Si maintenant les grands s’y mettent

Je reproduis un passage de l’intervention de Jean-Dominique Senard, président de Michelin, aux Assises des EDC en mars à Nantes :

« …la volonté farouche que nous avons aujourd’hui de transformer la vie de nos équipes dans le sens d’une plus grande responsabilisation et d’une prise en main de leur avenir immédiat. Cette délégation d’autorité, qui peut se faire jusqu’à l’îlot de production c’est-à-dire six ou sept personnes, est quelque chose qui se prépare très longtemps à l’avance, c’est pas quelque chose qu’on peut faire facilement, mais c’est en train de transformer, je peux vous le dire sincèrement, la vie de l’entreprise. Nous avons aujourd’hui un certain nombre d’usines dans le monde qui sont en train de vivre une parfaite transformation non seulement de leurs relations sociales mais aussi de leurs relations de travail. Et quand vous visitez ces usines, vous rendez compte, et c’est scotchant, que les équipes travaillent en autonomie et sont capables toute la journée de gérer leurs activités, de vérifier l’état de la situation, de faire monter les problèmes un cran au dessus quand ils ne sont pas capables de les résoudre eux-mêmes, et de se désigner entre eux soit responsable de la qualité, soit de la production, soit de la sécurité. Chacun a un rôle qui s’autodétermine, c’est tout à fait extraordinaire. Cela va jusqu’à ce que les îlots déterminent eux-mêmes leurs formations.

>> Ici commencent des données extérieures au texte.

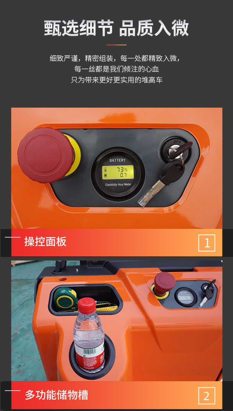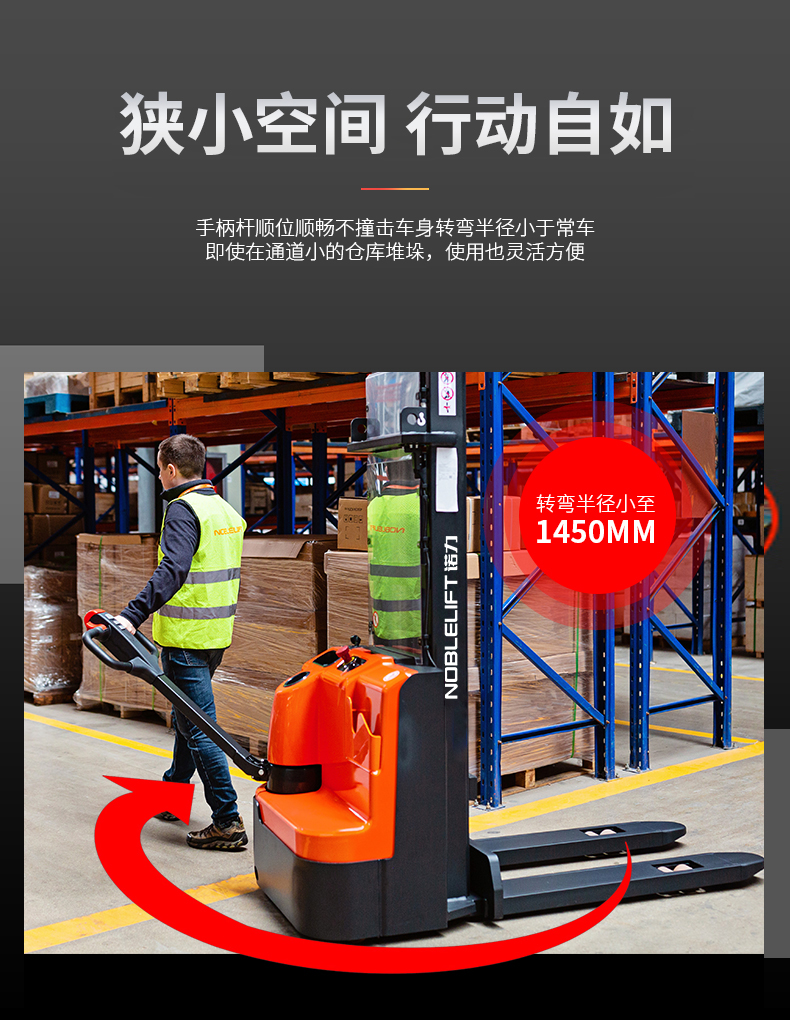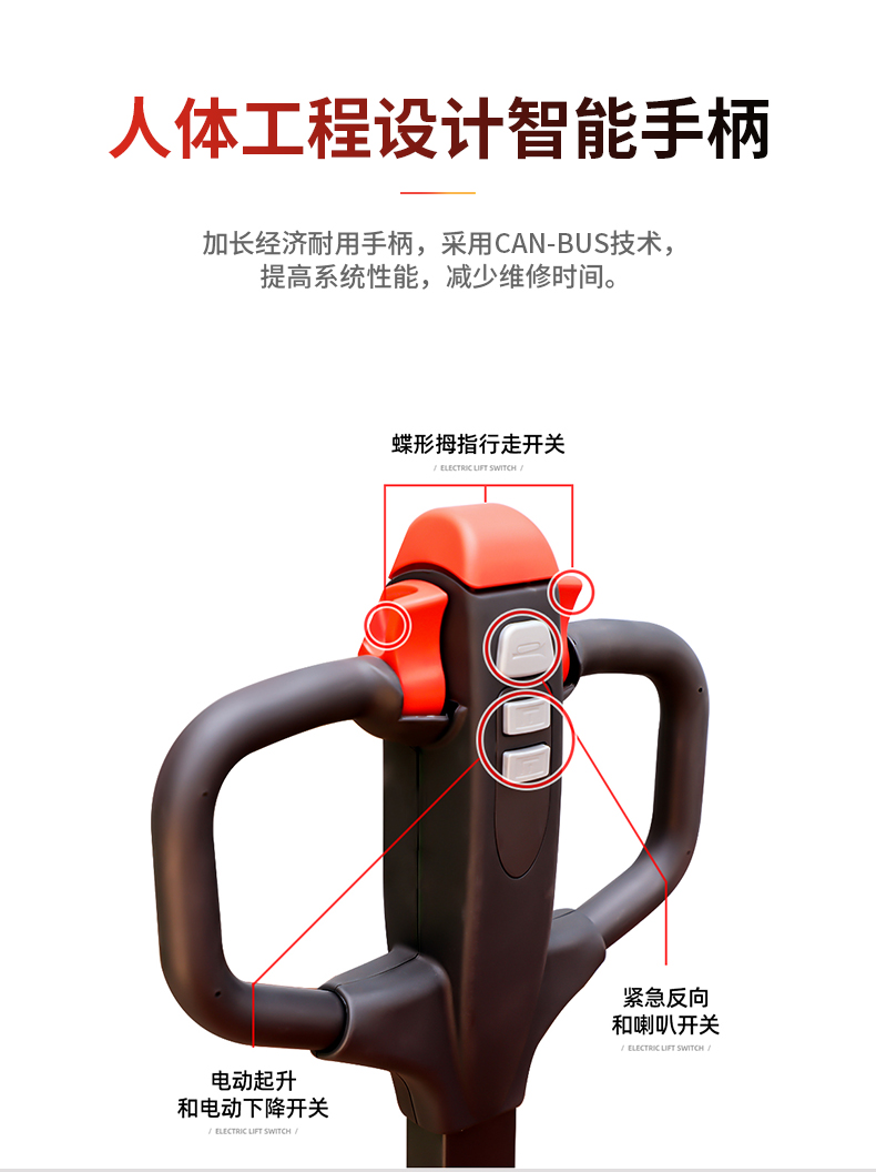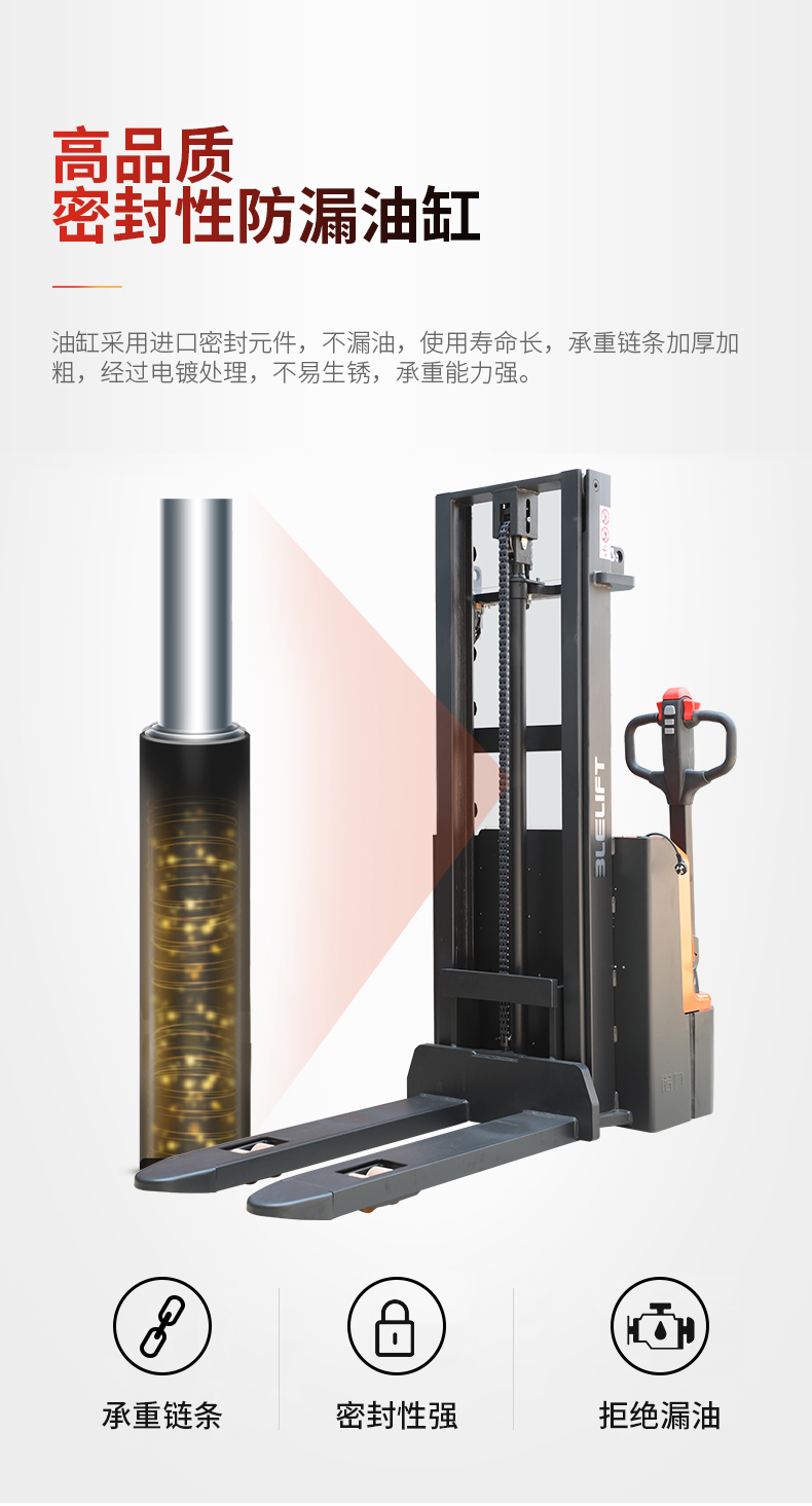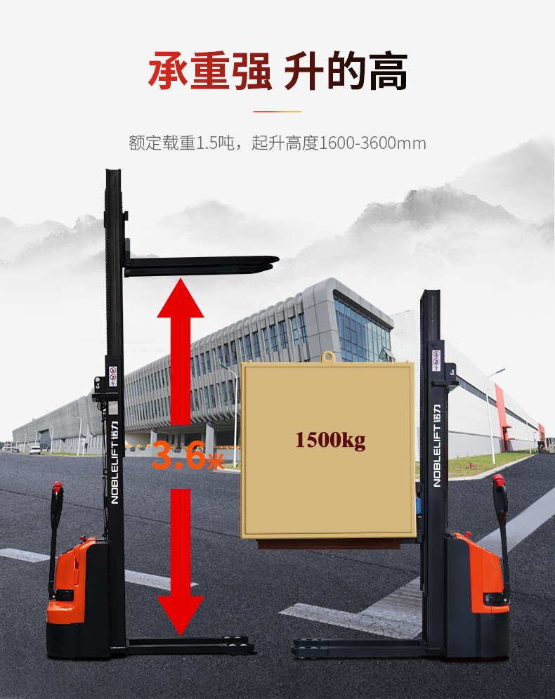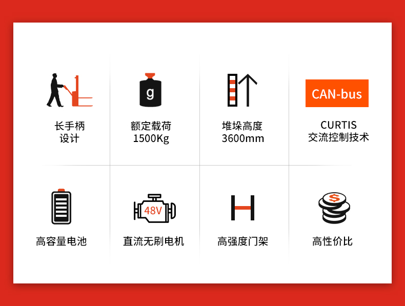 産品賣點(dian) 長手柄設計(ji) 額定載荷1500kg 堆(dui)垛高度3600mm CURTIS交流(liu)控制技術 高(gāo)容量電池 直(zhi)流無刷電機(ji) 高強度門架(jia)

Quand vous arrivez là et que ça se passe sereinement, vous transformez l’usine. On parlait tout à l’heure d’épanouissement des personnes, ce que nous appelons nous « l’organisation responsabilisante ». Ce n’est pas de la démagogie, c’est du réel, c’est très très puissant et ça transforme complètement la vie des équipes, des hommes et des femmes de Michelin, qui se sentent reconnus, responsables, et cela transforme complètement leur vie professionnelle.

Je peux vous assurer que si c’était une chose que je pouvais laisser dans quelques années lorsque je ne serai plus président de Michelin, cette transformation radicale qui est en cours en ce moment dans le groupe, ce sera une de mes plus grande fierté. »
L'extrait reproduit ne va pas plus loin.